What are the lines, word for word, from the line with "水電站究竟是如何發(fā)電" up to and including the line with "Многие полагают, что" in the records below? Omit the pictures.

(RECORDS TO USE):
-- Opening Marker --

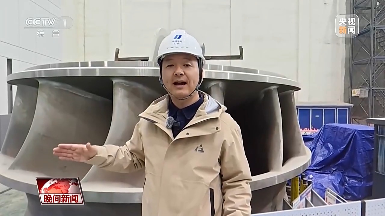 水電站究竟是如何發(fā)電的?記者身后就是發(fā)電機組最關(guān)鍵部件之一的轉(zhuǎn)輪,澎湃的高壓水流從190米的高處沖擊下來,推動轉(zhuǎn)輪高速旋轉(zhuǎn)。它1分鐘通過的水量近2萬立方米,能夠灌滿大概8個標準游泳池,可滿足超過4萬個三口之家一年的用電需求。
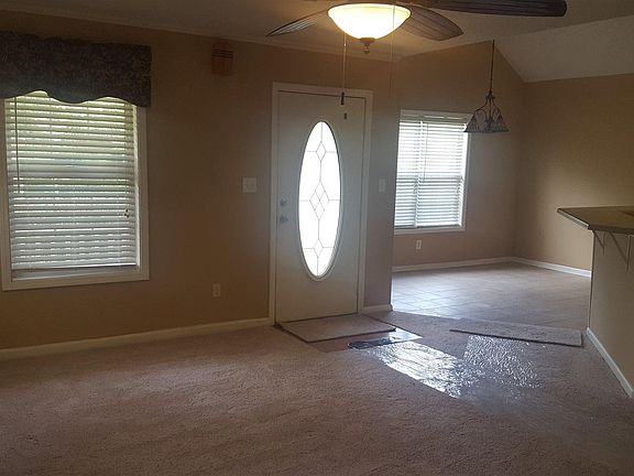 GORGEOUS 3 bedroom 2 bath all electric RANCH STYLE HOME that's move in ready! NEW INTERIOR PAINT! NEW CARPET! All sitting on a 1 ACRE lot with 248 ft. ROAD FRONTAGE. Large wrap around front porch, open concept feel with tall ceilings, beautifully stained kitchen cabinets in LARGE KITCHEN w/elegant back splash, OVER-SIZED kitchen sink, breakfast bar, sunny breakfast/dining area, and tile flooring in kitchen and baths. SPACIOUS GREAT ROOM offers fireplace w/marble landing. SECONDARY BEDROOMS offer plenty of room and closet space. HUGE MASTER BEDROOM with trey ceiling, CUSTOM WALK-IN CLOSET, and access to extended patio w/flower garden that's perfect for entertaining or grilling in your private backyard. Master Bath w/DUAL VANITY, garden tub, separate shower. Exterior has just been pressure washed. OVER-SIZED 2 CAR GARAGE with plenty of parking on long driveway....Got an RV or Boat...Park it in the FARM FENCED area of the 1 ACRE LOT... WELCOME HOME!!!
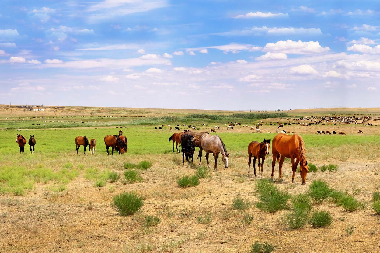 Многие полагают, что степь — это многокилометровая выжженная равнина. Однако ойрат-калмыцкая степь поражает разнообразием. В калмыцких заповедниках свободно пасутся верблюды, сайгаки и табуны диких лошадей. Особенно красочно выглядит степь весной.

-- Closing Marker --
-- Opening Marker --

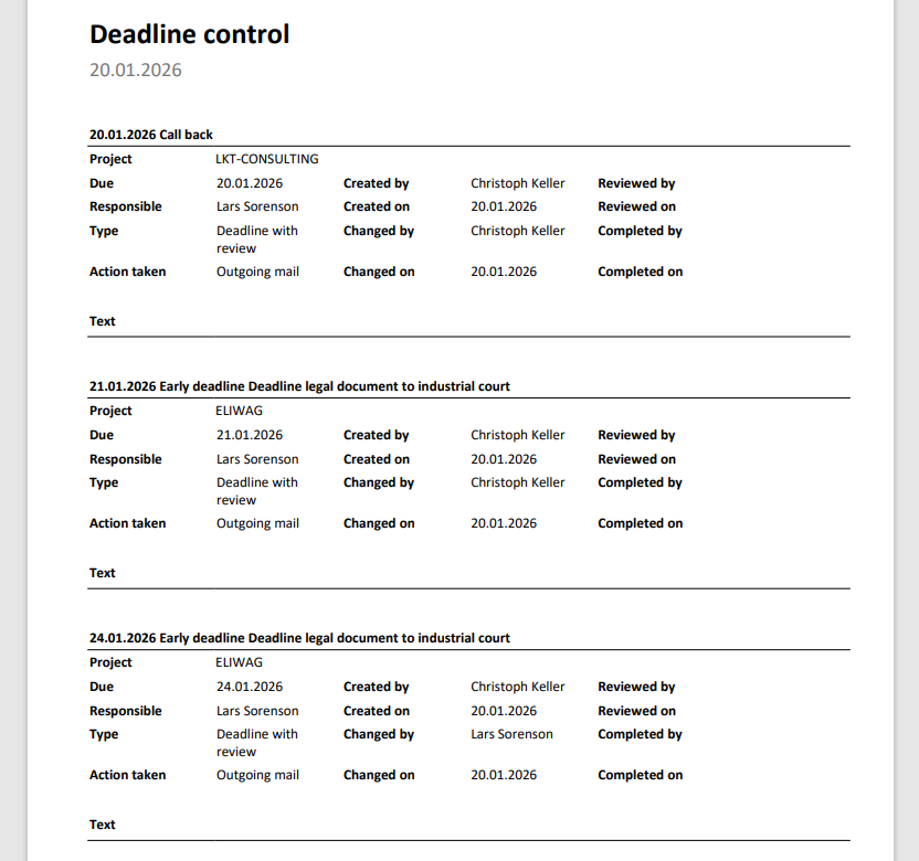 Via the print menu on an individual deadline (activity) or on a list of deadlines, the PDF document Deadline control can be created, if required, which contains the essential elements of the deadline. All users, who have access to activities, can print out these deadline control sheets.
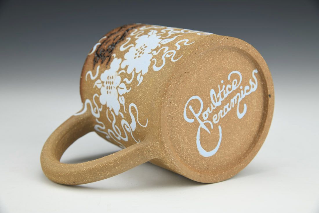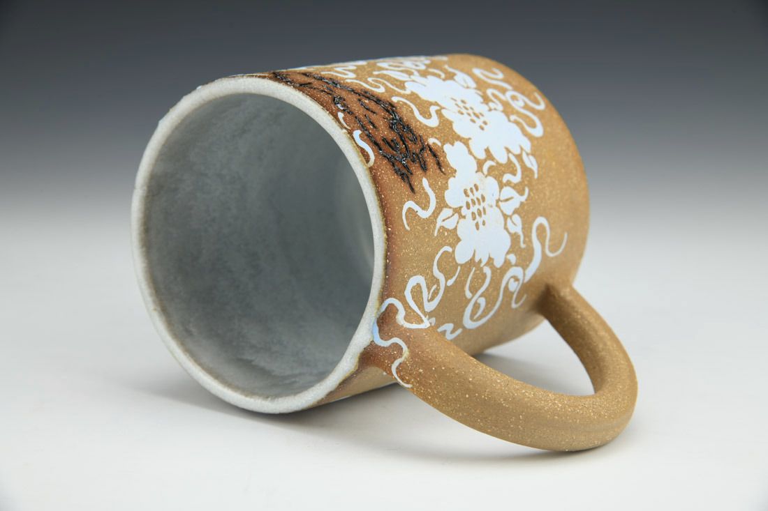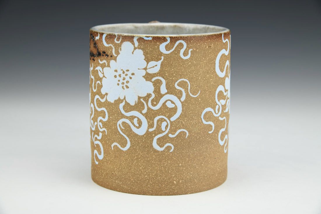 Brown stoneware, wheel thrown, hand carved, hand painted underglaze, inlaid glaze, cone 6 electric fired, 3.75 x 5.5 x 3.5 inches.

-- Closing Marker --
-- Opening Marker --

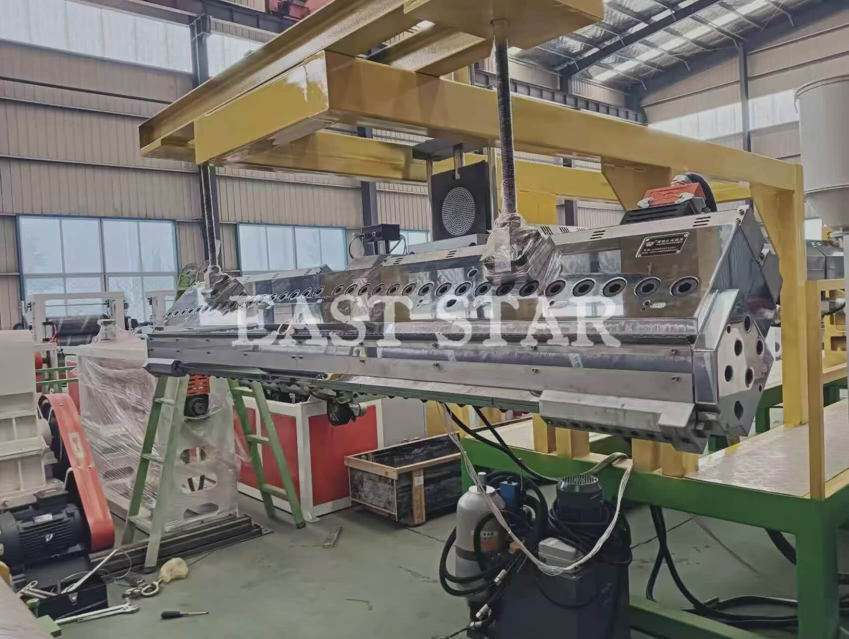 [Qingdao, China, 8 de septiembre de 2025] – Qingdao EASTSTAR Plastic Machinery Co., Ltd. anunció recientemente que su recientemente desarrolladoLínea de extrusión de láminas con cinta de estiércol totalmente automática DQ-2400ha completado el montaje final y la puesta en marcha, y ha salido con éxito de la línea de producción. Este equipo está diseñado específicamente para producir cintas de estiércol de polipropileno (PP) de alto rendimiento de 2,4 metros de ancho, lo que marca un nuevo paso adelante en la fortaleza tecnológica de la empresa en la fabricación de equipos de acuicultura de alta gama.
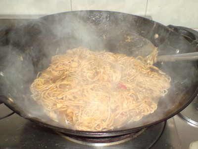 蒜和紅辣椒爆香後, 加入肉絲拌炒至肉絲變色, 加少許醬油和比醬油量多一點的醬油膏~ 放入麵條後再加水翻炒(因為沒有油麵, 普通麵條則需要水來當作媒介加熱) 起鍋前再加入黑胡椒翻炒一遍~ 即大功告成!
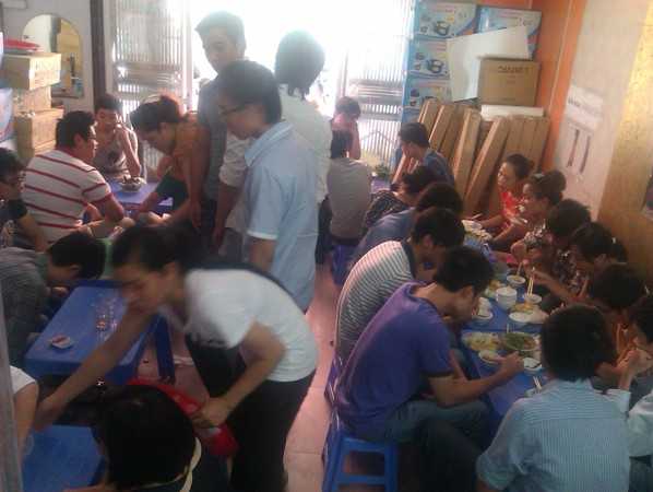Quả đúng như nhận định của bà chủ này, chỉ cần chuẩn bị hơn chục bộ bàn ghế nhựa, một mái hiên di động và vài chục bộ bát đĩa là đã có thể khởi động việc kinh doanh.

-- Closing Marker --

(TASK RESULT):
 水電站究竟是如何發(fā)電的?記者身后就是發(fā)電機組最關(guān)鍵部件之一的轉(zhuǎn)輪,澎湃的高壓水流從190米的高處沖擊下來,推動轉(zhuǎn)輪高速旋轉(zhuǎn)。它1分鐘通過的水量近2萬立方米,能夠灌滿大概8個標準游泳池,可滿足超過4萬個三口之家一年的用電需求。
 GORGEOUS 3 bedroom 2 bath all electric RANCH STYLE HOME that's move in ready! NEW INTERIOR PAINT! NEW CARPET! All sitting on a 1 ACRE lot with 248 ft. ROAD FRONTAGE. Large wrap around front porch, open concept feel with tall ceilings, beautifully stained kitchen cabinets in LARGE KITCHEN w/elegant back splash, OVER-SIZED kitchen sink, breakfast bar, sunny breakfast/dining area, and tile flooring in kitchen and baths. SPACIOUS GREAT ROOM offers fireplace w/marble landing. SECONDARY BEDROOMS offer plenty of room and closet space. HUGE MASTER BEDROOM with trey ceiling, CUSTOM WALK-IN CLOSET, and access to extended patio w/flower garden that's perfect for entertaining or grilling in your private backyard. Master Bath w/DUAL VANITY, garden tub, separate shower. Exterior has just been pressure washed. OVER-SIZED 2 CAR GARAGE with plenty of parking on long driveway....Got an RV or Boat...Park it in the FARM FENCED area of the 1 ACRE LOT... WELCOME HOME!!!
 Многие полагают, что степь — это многокилометровая выжженная равнина. Однако ойрат-калмыцкая степь поражает разнообразием. В калмыцких заповедниках свободно пасутся верблюды, сайгаки и табуны диких лошадей. Особенно красочно выглядит степь весной.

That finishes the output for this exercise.